Liz Gómez, señaló que sólo 26 por ciento de todas las propiedades a nivel mundial están en manos de las mujeres y que México no es la excepción, donde la gran mayoría se ubican como avecindadas, es decir, con derecho sobre la tierra por habitarla o trabajarla cierto tiempo, que es la forma de posesión más limitada.

Datos de la Procuraduría Agraria indican que, aunque las mujeres representan más de la mitad de la población en el campo (50.4 por ciento), ellas sólo tienen una cuarta parte de los derechos sobre la propiedad social, que se traduce en ejidos y tierras comunales.

El Registro Agrario Nacional (RAN) indica que sólo 29 por ciento de los 32 mil 202 núcleos agrarios en el país son trabajados por mujeres, es decir, un millón 416 mil 206 ejidatarias, comuneras, posesionarias y avecindadas, donde sólo siete de cada 100 ocupa un cargo en el Comisariado Ejidal o de Bienes Comunales o en el Consejo de Vigilancia, ya sea como titular o como suplente.

El RAN estima que del total de ejidatarios, comuneros, posesionarios y avecindados, 21 por ciento son mujeres ejidatarias, 25 por ciento son comuneras, 27 por ciento posesionarias y 29 por ciento corresponde a mujeres avecindadas.

“¿Esto de qué manera afecta a las mujeres? Hay muchos programas; sin embargo, hay muchos programas que están destinados a personas que tienen algún título propiedad o algún derecho sobre la tierra, el simple hecho de no tenerlo las limita”, explicó Liz Gómez.

En 2019, durante la Comisión Intersecretarial para el Desarrollo Rural Sustentable, trascendió un acuerdo suscrito entre la Sader y la Procuraduría Agraria, para eliminar el requisito de la presentación del título de propiedad por parte de las mujeres que desean acceder a alguno de los programas sujetos a reglas de operación.

Imagen: Cortesía

IMPULSO FEMENINO

Durante 2020, el Instituto Nacional de las Mujeres (Inmujeres) lanzó el proyecto “Mujeres por el derecho a la tierra” de la mano de la Secretaría de Desarrollo Agrario, Territorial y Urbano (Sedatu), a fin de establecer mecanismos que permitan ejercer su derecho pleno y conocer las condiciones políticas, económicas, familiares y comunitarias de las mujeres rurales, que han impedido el ejercicio pleno de sus derechos a la propiedad y acceso a la tierra.

Según estimaciones del Instituto Interamericano de Cooperación para la Agricultura (IICA) en México, si las agricultoras tuvieran los mismos derechos, oportunidades y condiciones laborales que los hombres, podría reducirse entre 100 y 150 millones el número de personas que sufren hambre en el mundo.

Inmujeres señala que la participación económica de ellas en México representa 43.7 por ciento del total, mientras que para mujeres rurales la proporción se ubica 34.2 por ciento.

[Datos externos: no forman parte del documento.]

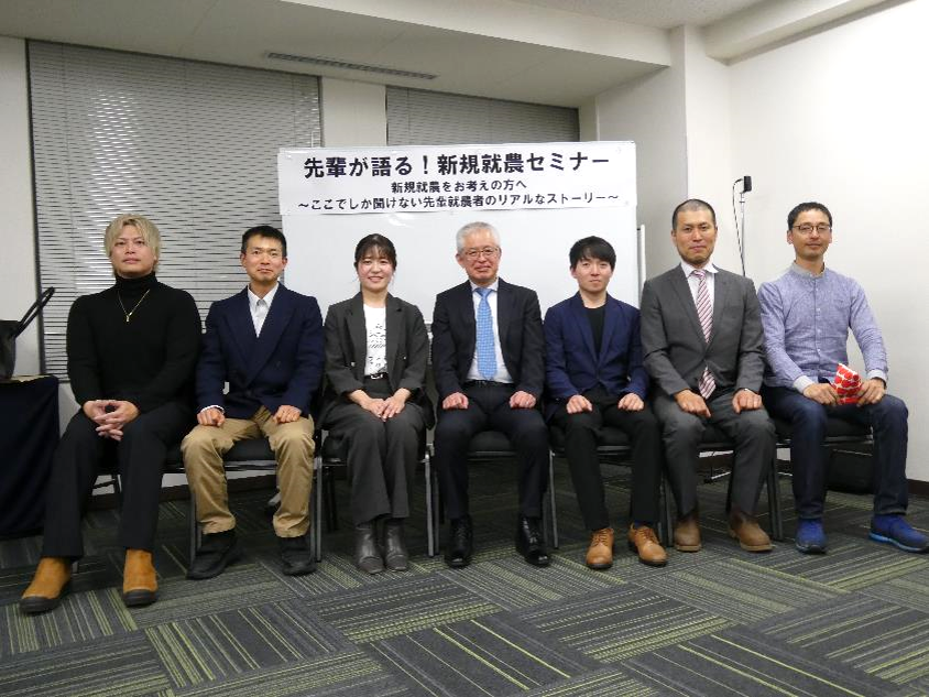札幌地域拠点は、農業に興味があり就農を目指す方や農業関係の学校で学んでいる方々に対し、先に就農した方から自身の取組を直接アピールしてもらうことにより新規就農の促進を図るべく、12月6日に札幌市内においてセミナーを開催しました。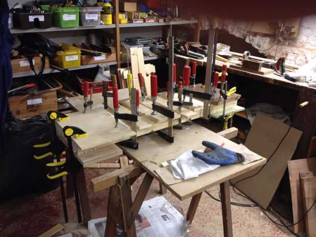 Con todas las pinzas de pegamento que pude encontrar para las tablas se sujetan.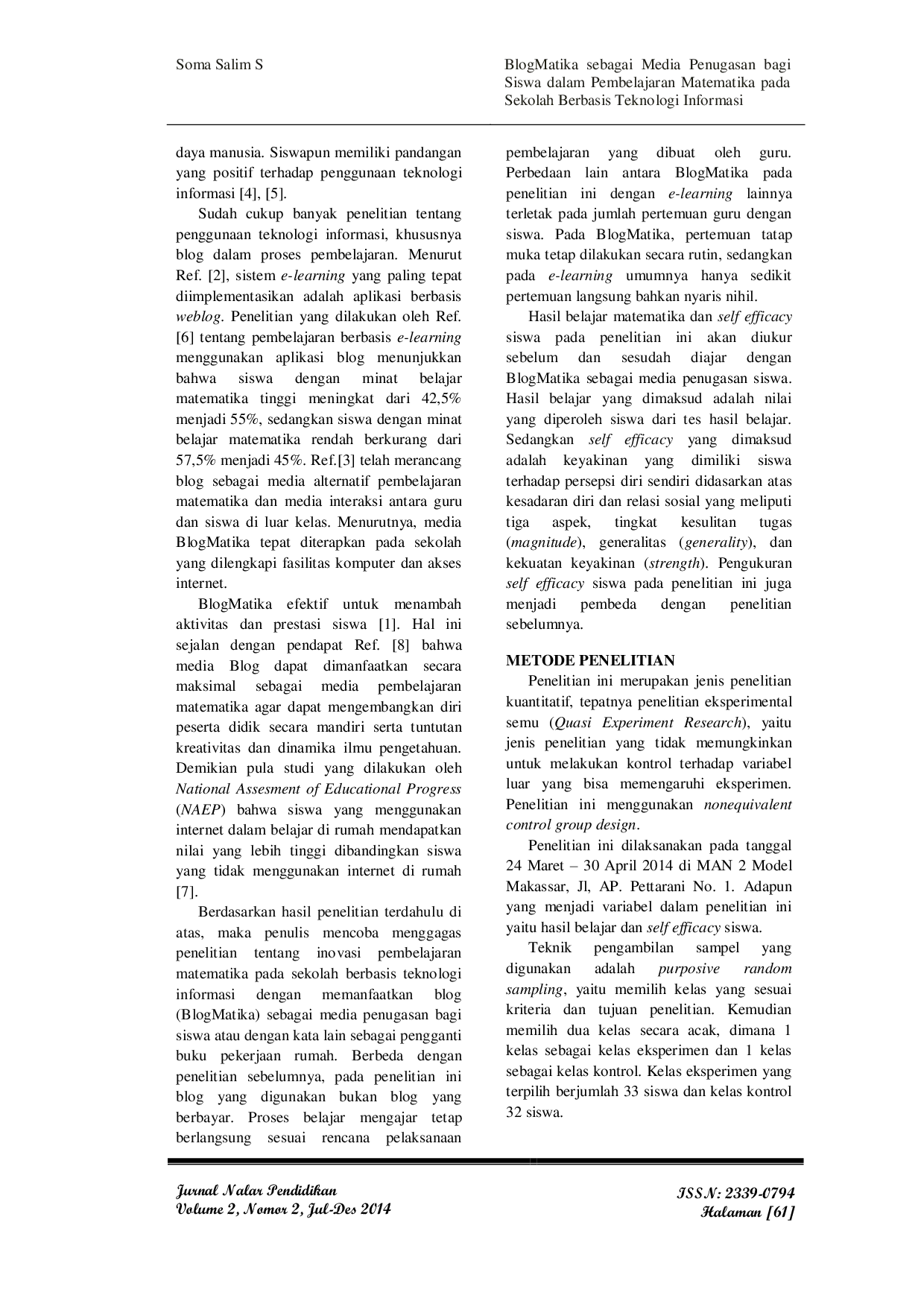 JURNAL NALAR PENDIDIKANJURNAL NALAR PENDIDIKANTujuan penelitian ini adalah membandingkan hasil belajar matematika dan self efficacy siswa antara kelas yang diajar menggunakan BlogMatika dengan kelas yang diajar tidak menggunakan BlogMatika sebagai media penugasan bagi siswa. Penelitian ini merupakan eksperimental semu dan menggunakan nonequivalent control group design. Data dikumpulkan menggunakan tes hasil belajar dan skala self efficacy. Hasil analisis deskriptif menunjukkan bahwa hasil belajar matematika siswa sebelum diajar berada pada kategori sangat rendah dan setelah diajar berada pada kategori cukup, baik pada kelas yang diajar menggunakan BlogMatika (kelas eksperimen) maupun pada kelas yang tidak diajar menggunakan BlogMatika (kelas kontrol). Hasil analisis inferensial (uji t) menunjukkan terdapat perbedaan hasil belajar matematika dan self efficacy siswa sebelum dan sesudah diajar, baik pada kelas eksperimen maupun pada kelas kontrol. Namun, kelas yang diajar menggunakan BlogMatika lebih baik dalam meningkatkan hasil belajar matematika dan self efficacy siswa dibandingkan kelas yang diajar tanpa menggunakan BlogMatika sebagai media penugasan bagi siswa.

El organismo identifica que las mujeres indígenas destinan 6.3 horas semanales a desgranar el maíz, a cocer o moler el nixtamal o a hacer tortillas de maíz o trigo para sus hogares, tres veces más del tiempo que destinan los hombres a estas actividades.

Sobre la limitación de las mujeres a la tecnología, el IICA destacó en su más reciente estudio Desigualdad Digital de Género en América Latina, que las mujeres con un bajo nivel educativo que viven en áreas rurales constituyen el grupo menos conectado, “lo que se destaca como un área importante para intervenir mediante políticas”.

“Por lo tanto, abordar estas desigualdades es una oportunidad para mejorar el acceso de las mujeres rurales a este recurso y promover su empoderamiento económico y político”, señala.

Gómez Medina agregó que la falta de visibilidad también afecta a las mujeres de manera considerable, ya que no se les reconoce el gran aporte que brindan en la producción de alimentos, mientras que se ven “desproporcionadamente afectadas por la pobreza, por la exclusión, los aspectos de cambio climático y de medio ambiente”, por mencionar algunas.

"Sabemos que las mujeres cultivan, procesan, transportan, distribuyen comida que se consume, no sólo en las familias sino en la sociedad en general. Además, se ocupan de la crianza, de la compra y preparación de alimentos y se ve desproporcionadamente afectada", resaltó.

La Organización de las Naciones Unidas para la Alimentación y la Agricultura (FAO) apunta que las mujeres rurales representan 29 por ciento de la fuerza laboral en América Latina, por lo que son las responsables de más de 50 por ciento de la producción de alimentos.

En México, el Programa Nacional para la Igualdad entre Mujeres y Hombres (Proigualdad 2020-2024) considera acciones para facilitar el acceso de las mujeres rurales a la propiedad de activos productivos; fomentar su participación en empresas y cooperativas; generar mecanismos que promuevan sus derechos de propiedad y titularidad de tierras; impulsar su participación en las organizaciones agrarias para promover el desarrollo territorial sustentable y equitativo; así como establecer medidas para promover su acceso a los recursos hídricos.

La gerente Comercial de Yara añadió que en el campo las mujeres profesionistas también se ven afectadas por la desigualdad de género, independientemente de sus estudios o grados, donde no se habla de limitar a los hombres, sino de alcanzar esa paridad de género que le corresponde a la mujer.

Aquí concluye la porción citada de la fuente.